Though the film’s producers undoubtedly desire you to hear the lived experiences of those affected by racism, they don’t seek to be retributive in resolving these problems. In one of the special presentations offered during the debut week of The Wisdom of Trauma, was a dual interview of two Native American women in New Mexico.
One woman named, Woman Stands Shining (a.k.a. Pat McCabe), answered a question from Dr. Maté about how to not stay angry all the time. Woman Stands Shining explains her anger towards white people for about two years. She says she had to experience the rage for the Spanish Conquistadors who killed her ancestors at Canyon de Chelly.
What she learned was that “if there’s any rage (and sorrow) to be had, it’s for all of us to have.” She explains that there is one race and we all exist together regardless of our ethnic and cultural backgrounds. “We can’t separate anyone out. ‘Mother earth’ only acknowledges humanity as a single species. There’s no, ‘Oh great the Apaches are doing great over here, but you Swedes are totally blowing it. So you’re out!'” Woman Stands Shining says she can now say without a doubt that she believes in “equality of the races.”
This is what I’ve learned from my own experience in becoming aware of what Native Americans have endured. Listen to their stories! Just acknowledge them. Recognize their humanity and the pain they’ve endured. Don’t look at it as an indictment of racial supremacy, but of the evil we’re all capable of. There’s no sense in self-loathing, blame-shifting, or self-flagellation. There’s no sense in acknowledging so-called white fragility. I never had to hate who I was and where I came from, in order to acknowledge what happened to Native Americans and to demand an end to the systems that perpetuate their pain.
Why is there wisdom in trauma? Because we can turn our own traumatic imprints into something that can be used to help others do the same with their trauma. It doesn’t deal with the blame – or the cause – because we get a causal regression that goes back in time to the first trauma. It allows us to move forward, and heal.
Challenging paradigms & a non-reductionist, non-dualistic approach to healing
We don’t respond to what happens; we respond to our perception of what happens. Of all possible interpretations of our perception, we automatically default to the worst one. This is negativity bias. This goes back to childhood trauma – we’re responding to our past.

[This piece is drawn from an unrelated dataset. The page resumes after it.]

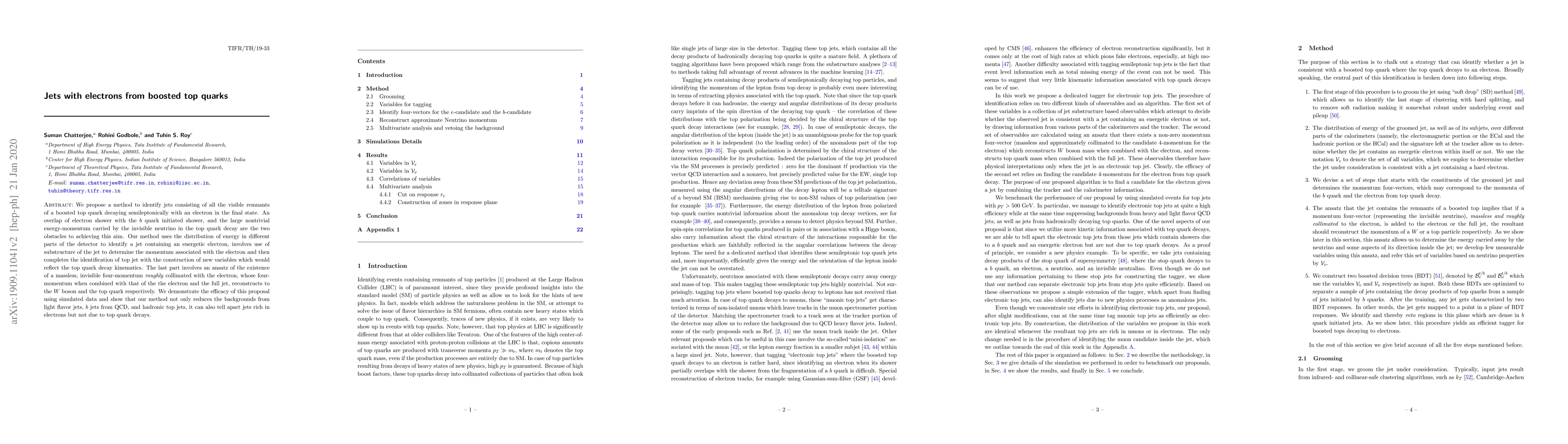 Researchers propose a method to identify jets containing boosted top quark particles that decay into electrons, reducing backgrounds from other particles and providing a new way to distinguish between top quark decays and non-top decays.

A traumatized person may believe others have a negative view of them, but really, it’s our projection of our self that is so negative. If we always see that other people are the cause, then we are victims and helpless. If we understand that we’re the source of negative bias, then we are no longer victims, but very powerful because that means we have the power to change.
Trauma is multi-generational so finding a culpable person is moot. If a child is traumatized by a parent, it’s because the parent was traumatized by their parent, and so on. This doesn’t negate the responsibility we have to stop doing trauma-inducing things once we’re made aware of them, or of the individual to heal. Instead, it reorients the context of the trauma in relation to what a person must do to heal – away from victim mentality, and toward victor mentality.
Dr. Maté says we have two fundamental needs as human beings: attachment and authenticity. Attachment develops in infancy, and is absolutely non-negotiable. Adults can learn healthy attachment, it just takes more effort. Authenticity is to connect to our true self and gut instinct. “By meeting people where they’re at and treating them like human beings and not trying to change them actually opens up the possibility of transformation for them.” In other words, we cannot make others change by forcing conformity to outward behaviors. Instead, if we accept all that a person is now, it manifests an opportunity to make real and lasting changes themselves away from destructive patterns of behavior.
Trauma-informed culture
To be trauma-informed, doesn’t mean that you know how to spot abuse or trauma in others. It means you see that underneath that traumatized persona there’s a healthy individual who’s never found expression in this life. It’s not so much about healing (although you do heal) or ridding yourself of memories of what happened, but to help the traumatized person expand so there is space for all the emotions.
Holistic medicine
Probably, most people reading will read the term “holistic” and cringe. This term is often associated with “quackery” or some kind of fake medicine. But what this documentary emphasizes is the whole human being. Human beings are not reducible! And therefore our health (and thus our healthcare) cannot be reducible to any given single characteristic or factor. The conventional system reduces healthcare to the biological. And though medicine has made great strides in this kind of health care, it has neglected or failed to answer health care from our mental, spiritual, and creative needs.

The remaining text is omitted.